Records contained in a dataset
* * *
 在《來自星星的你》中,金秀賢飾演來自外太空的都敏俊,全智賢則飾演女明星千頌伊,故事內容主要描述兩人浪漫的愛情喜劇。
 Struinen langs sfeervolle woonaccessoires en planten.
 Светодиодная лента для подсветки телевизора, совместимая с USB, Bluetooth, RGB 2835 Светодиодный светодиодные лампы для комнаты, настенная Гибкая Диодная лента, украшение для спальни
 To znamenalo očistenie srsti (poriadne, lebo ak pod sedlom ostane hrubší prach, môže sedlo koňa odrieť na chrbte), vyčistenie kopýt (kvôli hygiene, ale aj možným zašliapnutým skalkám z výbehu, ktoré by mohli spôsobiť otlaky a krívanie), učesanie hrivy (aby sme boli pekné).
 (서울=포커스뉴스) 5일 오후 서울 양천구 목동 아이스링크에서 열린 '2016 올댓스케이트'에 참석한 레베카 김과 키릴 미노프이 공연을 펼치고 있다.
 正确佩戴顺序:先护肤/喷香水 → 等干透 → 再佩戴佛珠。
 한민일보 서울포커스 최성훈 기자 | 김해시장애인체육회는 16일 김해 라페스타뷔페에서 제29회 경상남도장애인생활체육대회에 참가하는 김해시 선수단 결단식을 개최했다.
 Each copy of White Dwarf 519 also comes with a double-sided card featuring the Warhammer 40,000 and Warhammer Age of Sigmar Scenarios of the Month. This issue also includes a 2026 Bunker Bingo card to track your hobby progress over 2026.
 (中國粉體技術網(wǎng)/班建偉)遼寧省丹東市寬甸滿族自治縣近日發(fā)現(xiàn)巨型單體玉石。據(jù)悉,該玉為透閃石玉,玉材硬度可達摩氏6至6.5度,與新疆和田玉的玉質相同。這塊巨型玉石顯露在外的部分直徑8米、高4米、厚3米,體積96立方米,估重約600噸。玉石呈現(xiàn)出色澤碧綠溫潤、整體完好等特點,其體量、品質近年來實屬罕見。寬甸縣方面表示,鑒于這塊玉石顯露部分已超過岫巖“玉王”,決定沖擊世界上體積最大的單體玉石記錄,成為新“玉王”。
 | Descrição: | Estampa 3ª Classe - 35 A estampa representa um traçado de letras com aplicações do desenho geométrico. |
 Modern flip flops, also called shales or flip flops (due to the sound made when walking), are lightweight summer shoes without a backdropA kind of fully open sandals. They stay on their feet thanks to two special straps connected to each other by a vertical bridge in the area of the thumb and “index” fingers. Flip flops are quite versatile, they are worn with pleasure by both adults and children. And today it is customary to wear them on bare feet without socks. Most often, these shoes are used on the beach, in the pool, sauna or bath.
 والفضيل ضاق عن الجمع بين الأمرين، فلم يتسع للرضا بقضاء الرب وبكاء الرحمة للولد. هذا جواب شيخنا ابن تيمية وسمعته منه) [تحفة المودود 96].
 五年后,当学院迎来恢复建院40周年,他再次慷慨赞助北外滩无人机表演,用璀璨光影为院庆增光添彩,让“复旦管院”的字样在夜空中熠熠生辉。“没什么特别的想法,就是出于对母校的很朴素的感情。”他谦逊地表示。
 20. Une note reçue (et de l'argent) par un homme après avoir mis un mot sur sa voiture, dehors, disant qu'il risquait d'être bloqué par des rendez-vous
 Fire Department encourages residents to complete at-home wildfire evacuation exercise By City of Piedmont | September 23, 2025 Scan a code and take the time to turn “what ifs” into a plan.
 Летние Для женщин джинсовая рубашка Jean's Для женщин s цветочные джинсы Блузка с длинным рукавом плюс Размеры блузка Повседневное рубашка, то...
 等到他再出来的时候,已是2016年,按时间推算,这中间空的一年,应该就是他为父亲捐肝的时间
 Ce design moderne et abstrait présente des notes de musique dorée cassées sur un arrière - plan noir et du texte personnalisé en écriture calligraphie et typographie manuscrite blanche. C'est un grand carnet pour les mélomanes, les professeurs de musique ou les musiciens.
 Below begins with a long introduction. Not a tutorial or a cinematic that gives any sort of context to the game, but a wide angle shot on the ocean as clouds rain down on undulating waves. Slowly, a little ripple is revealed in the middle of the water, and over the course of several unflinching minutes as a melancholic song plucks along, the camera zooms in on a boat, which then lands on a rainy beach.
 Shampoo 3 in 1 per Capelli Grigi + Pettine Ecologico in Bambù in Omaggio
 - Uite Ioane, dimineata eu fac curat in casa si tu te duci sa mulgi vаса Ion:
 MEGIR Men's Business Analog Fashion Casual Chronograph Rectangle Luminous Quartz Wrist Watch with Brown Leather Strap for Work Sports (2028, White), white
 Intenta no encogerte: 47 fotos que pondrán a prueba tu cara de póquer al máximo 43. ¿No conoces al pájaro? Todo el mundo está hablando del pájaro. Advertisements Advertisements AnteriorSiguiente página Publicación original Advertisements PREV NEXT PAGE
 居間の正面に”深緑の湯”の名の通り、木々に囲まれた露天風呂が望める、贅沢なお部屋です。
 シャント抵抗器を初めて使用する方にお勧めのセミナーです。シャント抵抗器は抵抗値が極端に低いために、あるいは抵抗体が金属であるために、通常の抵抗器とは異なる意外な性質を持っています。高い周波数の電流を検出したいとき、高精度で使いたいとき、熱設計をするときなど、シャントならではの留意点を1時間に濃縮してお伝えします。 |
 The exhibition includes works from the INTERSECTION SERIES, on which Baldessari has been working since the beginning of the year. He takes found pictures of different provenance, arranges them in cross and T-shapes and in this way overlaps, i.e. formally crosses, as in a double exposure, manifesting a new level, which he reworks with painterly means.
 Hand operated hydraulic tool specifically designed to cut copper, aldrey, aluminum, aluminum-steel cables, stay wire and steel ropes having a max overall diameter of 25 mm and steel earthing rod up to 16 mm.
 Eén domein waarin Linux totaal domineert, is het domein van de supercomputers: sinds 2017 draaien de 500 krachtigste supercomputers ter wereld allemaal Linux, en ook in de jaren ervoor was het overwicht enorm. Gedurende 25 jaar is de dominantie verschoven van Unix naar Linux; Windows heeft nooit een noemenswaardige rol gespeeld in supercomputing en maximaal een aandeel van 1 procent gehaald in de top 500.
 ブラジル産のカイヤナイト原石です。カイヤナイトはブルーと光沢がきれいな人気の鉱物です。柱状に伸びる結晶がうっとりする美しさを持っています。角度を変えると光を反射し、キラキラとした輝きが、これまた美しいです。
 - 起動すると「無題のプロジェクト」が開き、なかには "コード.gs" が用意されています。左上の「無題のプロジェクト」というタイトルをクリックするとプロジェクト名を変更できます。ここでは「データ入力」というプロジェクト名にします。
* * *
-- ASSIGNED TASK --
Every line above with the word "White" is to be copied out.

-- ANSWER AREA --
 Each copy of White Dwarf 519 also comes with a double-sided card featuring the Warhammer 40,000 and Warhammer Age of Sigmar Scenarios of the Month. This issue also includes a 2026 Bunker Bingo card to track your hobby progress over 2026.
 MEGIR Men's Business Analog Fashion Casual Chronograph Rectangle Luminous Quartz Wrist Watch with Brown Leather Strap for Work Sports (2028, White), white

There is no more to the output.